Вот пришел великан (сборник) - Воробьев Константин 14 стр.


– Ой, Сань! Да на кого ж ты похож теперь!

– А ты сама на кого? – сказал я. Она поправила косынку, а Момич лукаво посмотрел на нее, смешно скривив бороду.

Мне совсем бы хорошо уехалось из Лугани, если б не Зюзина мать. Пока Момич с теткой застилали попонкой задок повозки, а потом запрягали жеребца, она беспокойно сидела у стены церкви и выжидаючи-пристально вглядывалась в даль чужой праздничной улицы. Мне хотелось, чтобы тетка поскорей позвала ее и чего-нибудь дала. Наверно, это так и было б, но Момич подкинул меня в передок повозки, подсадил тетку и сам сел с нею рядом на разостланной попонке.

– Погоди-ка, Евграфыч, а как же она?

– Кто такое? – непонимающе спросил Момич.

– Да сельчанка-то наша!

– А-а, полномочная-то? Она пущай тем же манером, как и сюда. В казенной бричке…

– Так неизвестно ж, приедут нынче за нами или нет, – забеспокоилась тетка.

– Подождет и до завтрева, – безразлично отозвался Момич, – успеет подражнить камышинских собак красной шалкой…

– Ну это ты не свое чтой-то буровишь! – укорила его тетка.

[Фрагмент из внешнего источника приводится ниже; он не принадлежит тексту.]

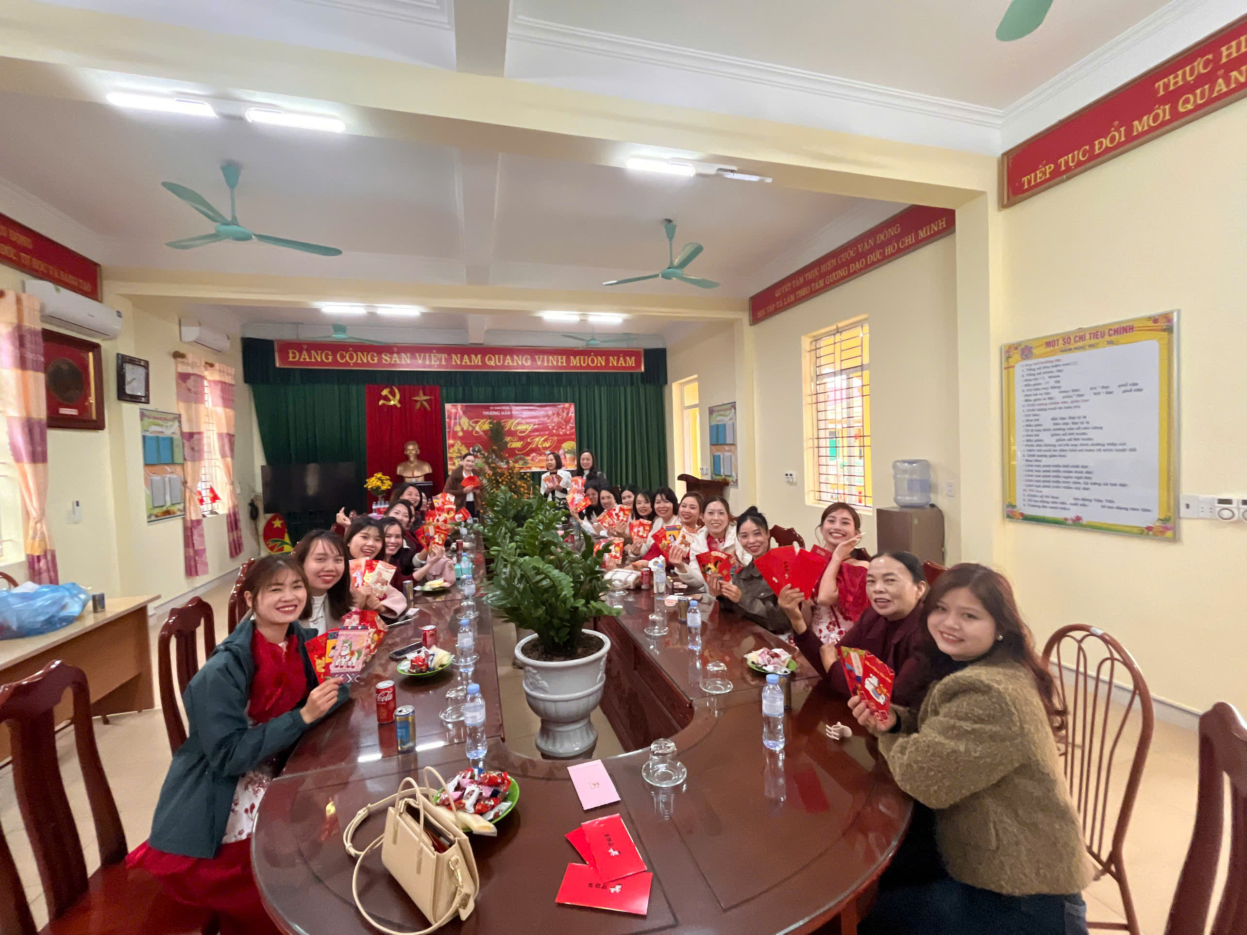 Nhà trường đã tổ chức các hoạt động gặp mặt đầu xuân trong không khí ấm áp, thân tình như: liên hoan bánh kẹo đầu năm, trao lì xì may mắn, tạo niềm vui, sự hứng khởi và động lực làm việc cho tập thể cán bộ, giáo viên, nhân viên cũng như mang đến cho các bé những trải nghiệm vui tươi trong ngày đầu năm mới.

Я оглянулся на церковь. Дунечка сидела в прежней позе, полуприкрыв лицо некрасиво сбитой наперед косынкой, – от солнца загораживалась. Взяла б и пересела в тень!

На окраине Лугани Момич остановил жеребца возле лавки и молча передал тетке вожжи. Как только он отошел, я рассказал ей о петухе. Она привалила меня к себе и жарким шепотом, как хмельная, сказала:

– Теперь нам не нужен ни петух, ни Царь… Скоро мы с тобой в коммуну пойдем жить… в барский дом, что в Саломыковке. Ох, Сань, если б ты знал…

Она замолчала, – к повозке шел Момич. В одной руке он держал картуз с булками, а во второй бутылку с желтой, как мед, водкой. Он положил все на теткины колени, влез в повозку и, забрав вожжи, досадливо сказал нам обоим с теткой:

– Ну рассудите сами: куда б она тут села? Негде же! Да и поедем мы кружным путем…

– Через лес? – радостно подхватила тетка, будто весь век ждала этого.

У меня занемела шея, – я не мог удержать голову прямо, чтобы не оглядываться на Момичев картуз с булками. Между ними лежала и сверкала бутылка. На ее этикетке был нарисован кусок сота, а на нем – большая, похожая на шершня, пчела. Тетка тесно сидела рядом с Момичем и прощально-задумчиво глядела в поля. Момич весело понукал жеребца, и было видно, что он забыл, зачем привозил меня в Лугань…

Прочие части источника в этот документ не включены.